OPINION:
Would you bet your life on the stability of Saudi Arabia? No? Then how about the American economy? As chaos spreads through the Arab world, these are the questions every U.S. policymaker needs to confront.
The world is in deep recession. Yet as a result of the systematic constriction of oil production by the Saudi-led Organization of the Petroleum Exporting Countries (OPEC) oil cartel, petroleum prices stand at more than $90 per barrel. That is a fourfold increase since 2003, eightfold since 1999 and thirtyfold since 1972. At $90 a barrel, Americans this year will pay $720 billion for oil. This is an increase of more than $500 billion over what we paid in 2003, equal in economic burden to a 20 percent increase in income taxes, except that instead of the cash going to Uncle Sam, it will go to Uncle Saud and his lesser brethren.
The Saudis, however, are said to be our “friends.”
With “friends” like these, who needs enemies? Well, we may not need them, but we’ve got them. And as current events in Egypt should make clear, there is every chance that someday - perhaps soon - we could wake up and find that the world’s oil is under new management, even less concerned with our well-being than the gang in charge today.
The Saudi monarchs enjoy looting Western industrial society. There are many among their subjects who would prefer to destroy it. What happens if they take over?
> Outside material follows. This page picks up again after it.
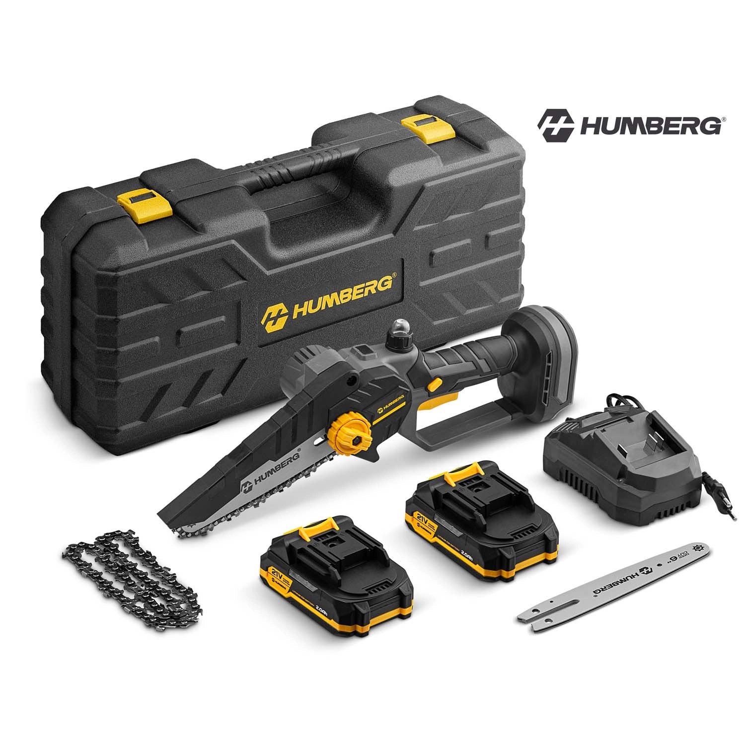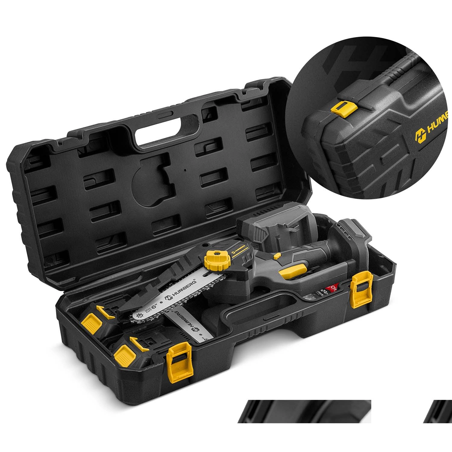 Compacte en krachtige accu mini-zaag van Humberg met een borstelloze motor biedt snel en soepel zagen tot 8,2 m/s, automatische kettingsmering en gereedschapsloze kettingspanning. In de set vind je 2× 21 V 2 Ah accu, 2× 6" geleider en 2× ketting – alles overzichtelijk opgeborgen in een stevige koffer voor gemakkelijk transport. Ideaal voor snoeien van takken, tuinwerk en lichte timmerklussen met maximaal comfort dankzij de ergonomische, rubberen handgreep en het lage gewicht van 1,4 kg.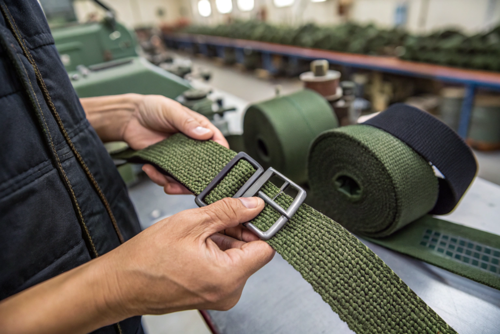I received an inquiry two months ago that stood out from the usual fashion requests. A buyer named James from Texas emailed me. He was not looking for a trendy skinny belt for a boutique. He was looking for something that could hold up a tool pouch on a job site. He wanted "military-style webbing belts." He sent over a picture of a thick, olive drab belt with a heavy metal buckle. He said, "I need this to be strong. It can't fray. The buckle can't snap. My customers work in construction and outdoors. They will destroy a cheap belt in a week." I looked at the spec. This was not a standard fashion accessory. This was a piece of utility gear. The production process, the materials, and the quality standards were different.

This is a fundamental threat to America, the world economy and the entire modern way of life. We need to take action to protect ourselves from it now, before it is too late.
Our potentially ruinous vulnerability arises from the fact that our vehicles all depend upon oil, a fuel whose price and availability depend critically upon the whims and actions of the various factions in the Middle Eastern madhouse. The only way to remove this vulnerability is to have cars that do not depend exclusively on this fuel.
Fortunately, the technology to solve this problem is available. Flex-fuel vehicles can be made, at an incremental cost of only about $100 per car, that can run equally well on gasoline, ethanol or methanol, in any combination, thereby giving the consumer complete fuel choice.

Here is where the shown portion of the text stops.